* _TASK DIRECTIONS_
Given the records underneath, please repeat exactly the lines from the line with "A protest against" through the line with "여름 여성을 위한 아메리칸", passing over any picture.

== EXERCISE MATERIAL

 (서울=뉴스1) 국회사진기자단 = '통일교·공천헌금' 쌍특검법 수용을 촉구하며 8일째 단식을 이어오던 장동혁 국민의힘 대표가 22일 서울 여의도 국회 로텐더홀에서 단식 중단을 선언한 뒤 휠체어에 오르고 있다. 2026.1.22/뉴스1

====
== EXERCISE MATERIAL

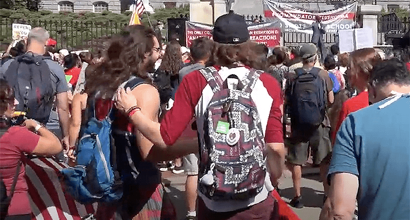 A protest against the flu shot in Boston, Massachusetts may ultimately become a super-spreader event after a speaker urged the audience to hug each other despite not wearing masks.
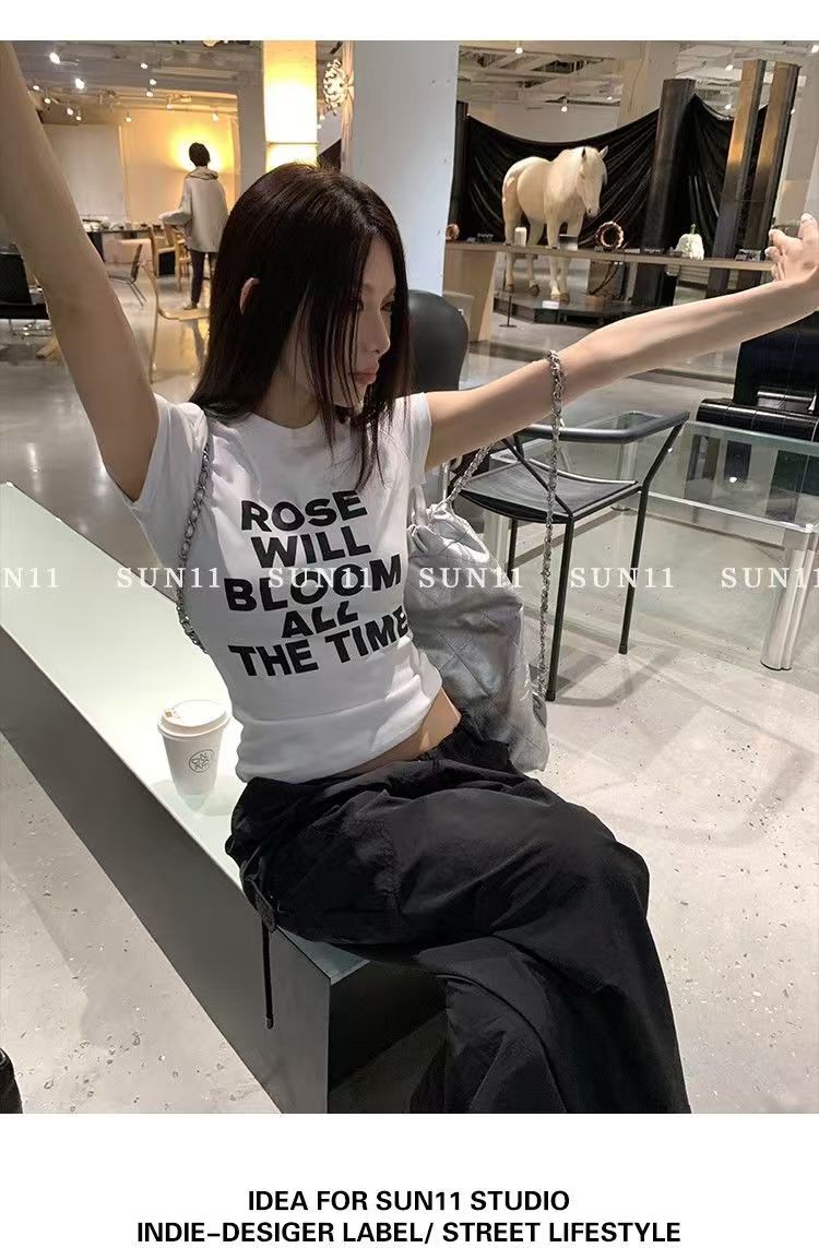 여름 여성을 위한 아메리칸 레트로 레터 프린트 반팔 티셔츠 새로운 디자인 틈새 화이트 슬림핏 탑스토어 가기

====

* _ANSWER SPACE_
 A protest against the flu shot in Boston, Massachusetts may ultimately become a super-spreader event after a speaker urged the audience to hug each other despite not wearing masks.
 여름 여성을 위한 아메리칸 레트로 레터 프린트 반팔 티셔츠 새로운 디자인 틈새 화이트 슬림핏 탑스토어 가기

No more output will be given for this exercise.